Dalam konteks ini, banyaknya siswa yang memiliki cadangan pengetahuan yang kurang, kemampuan belajar yang kurang, bahkan keengganan untuk belajar masuk ke perguruan tinggi dan universitas secara besar-besaran, yang tentunya menimbulkan permasalahan yang serius:Bagaimana cara memastikan kualitas? Apalagi bagaimana caranya agar anak-anak yang enggan belajar mau belajar dan lulus?
Gambar semuanya dari Internet
Banyak sekolah mengadopsi pembelajaran berbasis drive,Artinya, mengelola kesiswaan di kalangan mahasiswaMisalnya siswa harus duduk di barisan depan kelas, jika tidak maka akan dihukum. Intinya adalah mencegah siswa meninggalkan kelas. Beberapa universitas di Tiongkok Timur Laut tidak membuka asramanya sebelum jam 11 pagi untuk mencegah mahasiswanya kembali ke asramanya untuk tidur dan bermain game. Banyak sekolah yang mempunyai kelompok antara konselor dan orang tua untuk melaporkan setiap saat status kegagalan anak-anaknya agar tidak disalahkan oleh orang tua: Kenapa kamu tidak memberitahuku lebih awal?
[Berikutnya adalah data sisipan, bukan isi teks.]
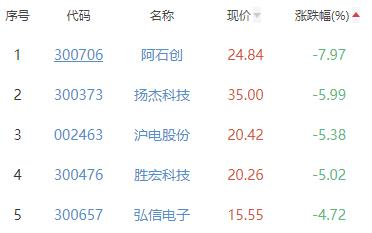 阿石创、扬杰科技、沪电股份、胜宏科技、弘信电子位列涨幅榜后五位,涨幅分别为-7.97%、-5.99%、-5.38%、-5.02%、-4.72%。
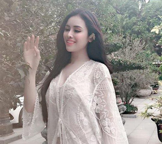 Thư Dung gây tranh cãi khi diện đồ ren xuyên thấu phản cảm lên chùa
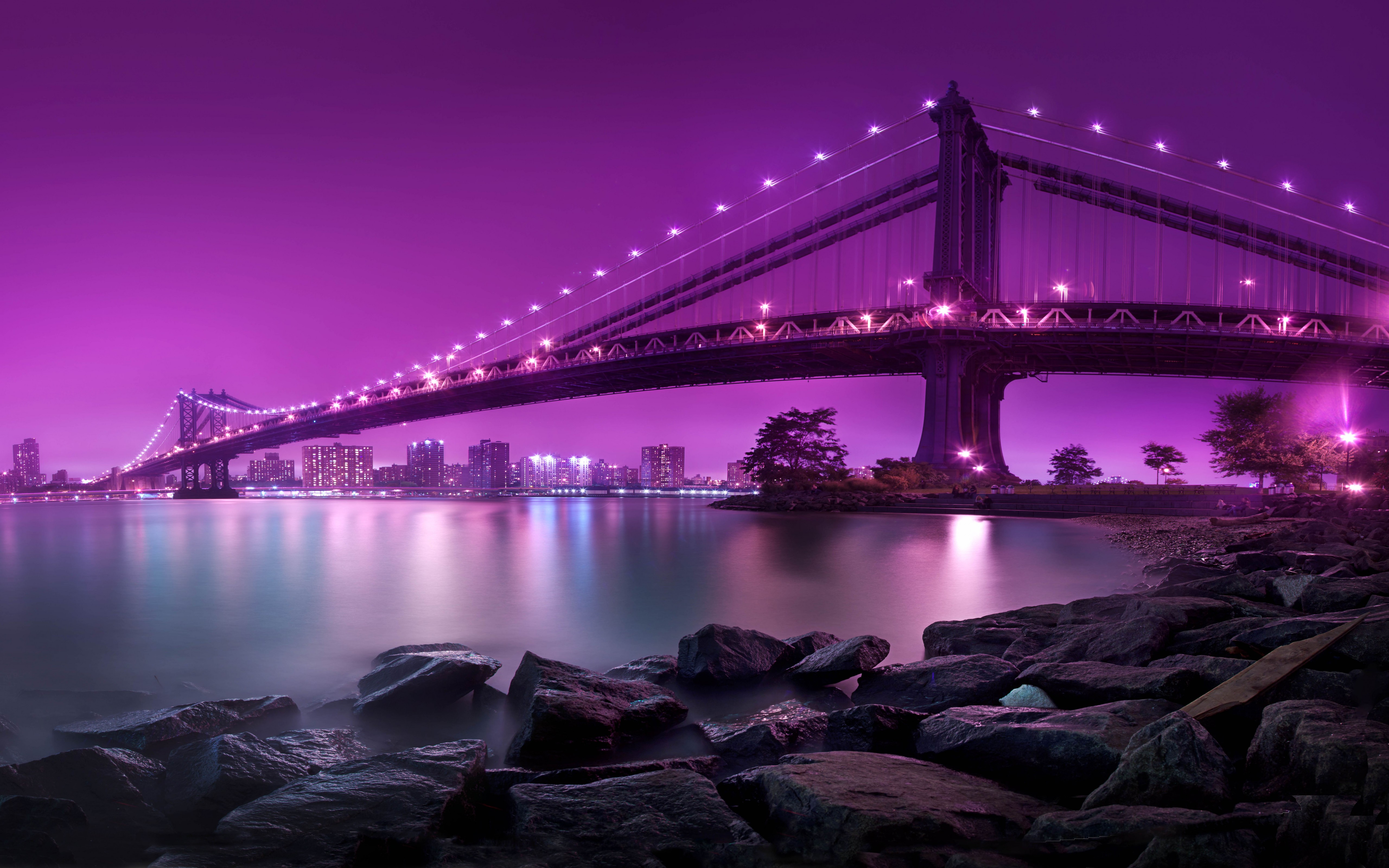 Manhattan Bridge New York Purple Sky Wallpaper - 5120x3200

Banyak pakar yang mengkritik bahwa “universitas mengendalikan mahasiswa di kalangan mahasiswa”! Apa yang tidak mereka ketahui adalah bahwa banyak mahasiswa saat ini yang sebenarnya tidak sebaik siswa sekolah menengah pada masa itu, dan sekolah tidak punya pilihan selain melakukan hal tersebut.
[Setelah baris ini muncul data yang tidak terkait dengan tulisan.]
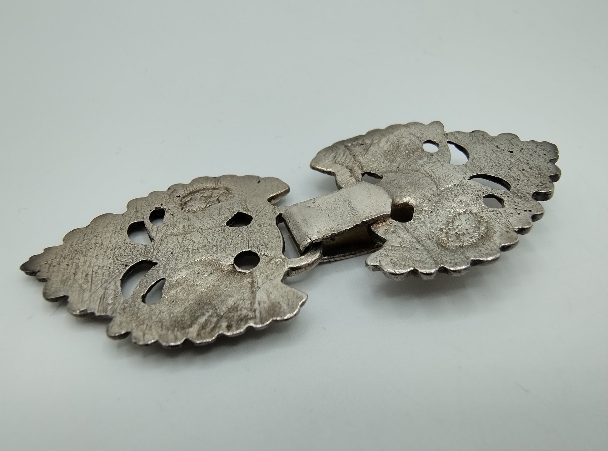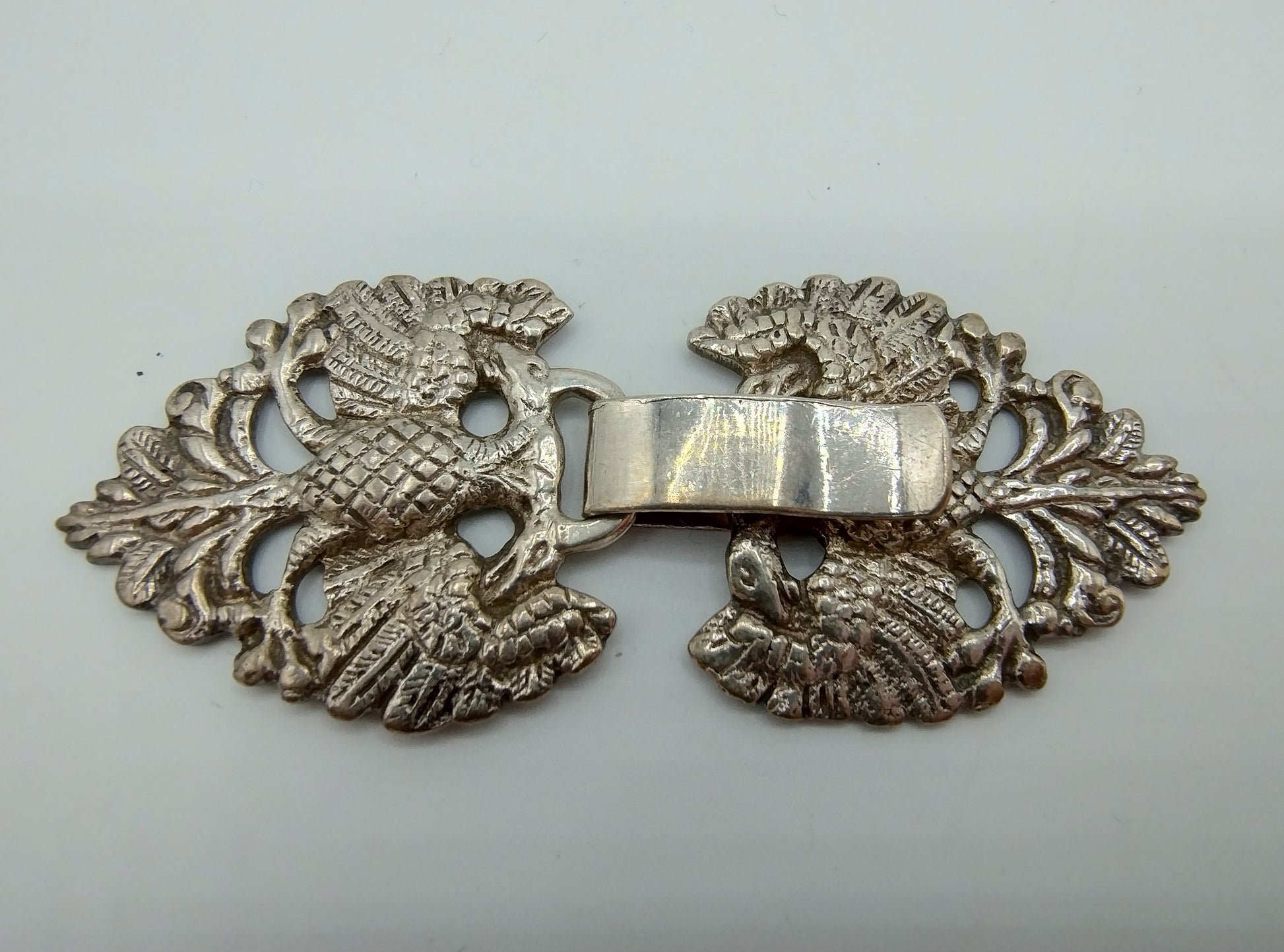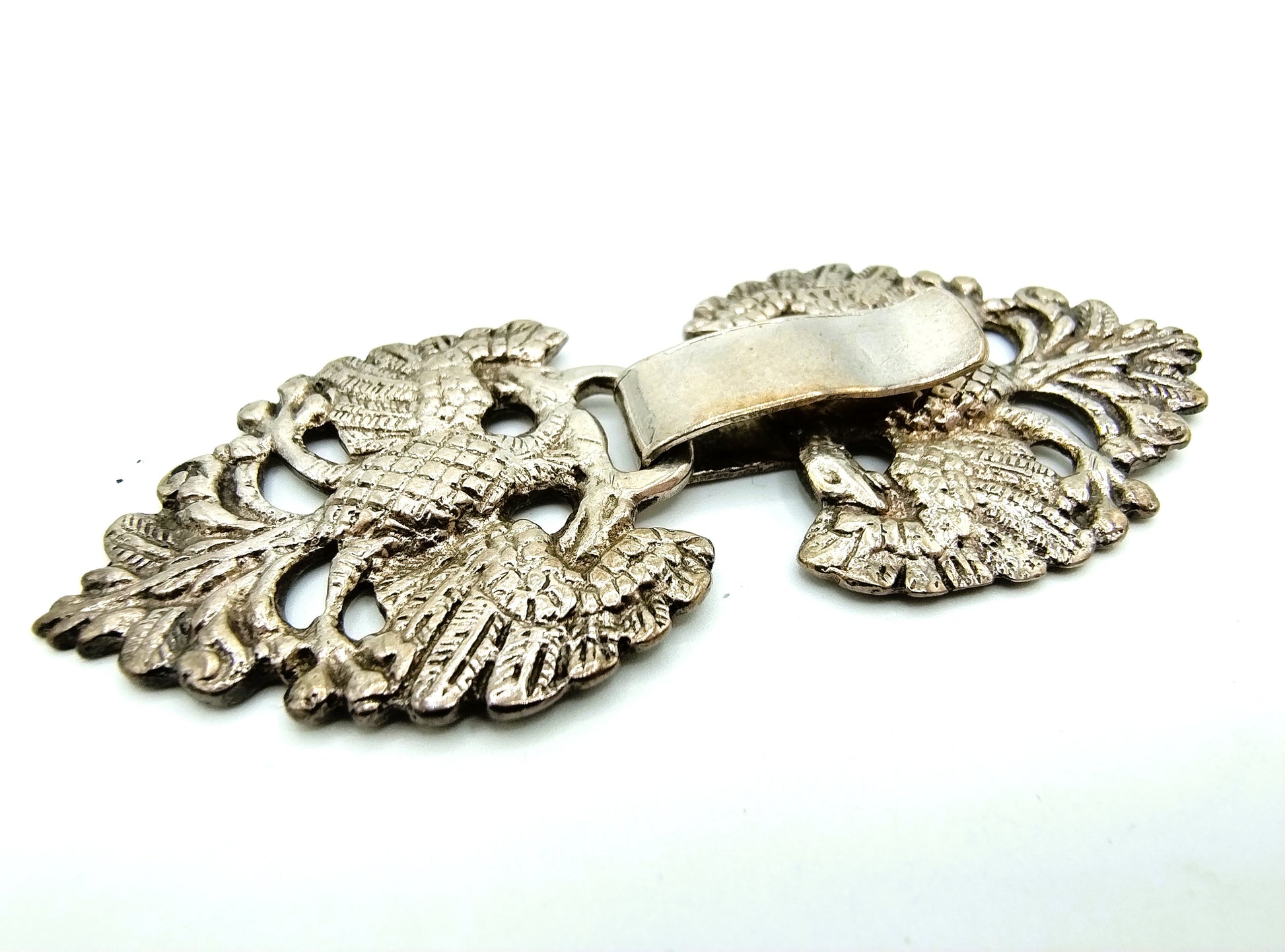 Gegoten zilveren kraalhaak of schorteslot met de afbeelding van een tweekoppige adelaar.

Beberapa sekolah dan guru bahkan terpaksa mengendur dalam pengajaran dan ujian.
Alasannya juga sangat sederhana. Begitu seorang anak gagal naik kelas atau gagal memperoleh ijazah, sekolah dan guru tidak punya pilihan selain menderita masalah yang tiada habisnya. Sekolah adalah perusahaan dengan tanggung jawab tidak terbatas, dan para guru adalah karyawan dari perusahaan dengan tanggung jawab tidak terbatas, belalang yang dipertaruhkan.
Namun jika kendali mutu dan kendali ekspor tidak dikontrol secara ketat, skor 280 dianggap sarjana, dan skor 680 tetap sarjana. Bagaimana cara mempertahankan mutu pendidikan tinggi? Apa alasan kita mengkritik dan mengecam “diskriminasi asal usul”?
Jika kita tidak dapat mencegah sejumlah besar siswa untuk lulus, kita sebaiknya belajar dari apa yang telah dilakukan Barat dalam proses mempopulerkan pendidikan tinggi:Sistem Pascasarjana Kehormatan. Meski sebagian besar sudah lulus, namun nilai ijazah yang diterima berbeda-beda. Ada lulusan biasa dan kehormatan dari berbagai tingkatan. Hal ini tidak hanya memberi setiap orang cara untuk bertahan hidup, tetapi juga melindungi kualitas, sehingga setiap orang mendapatkan apa yang mereka inginkan.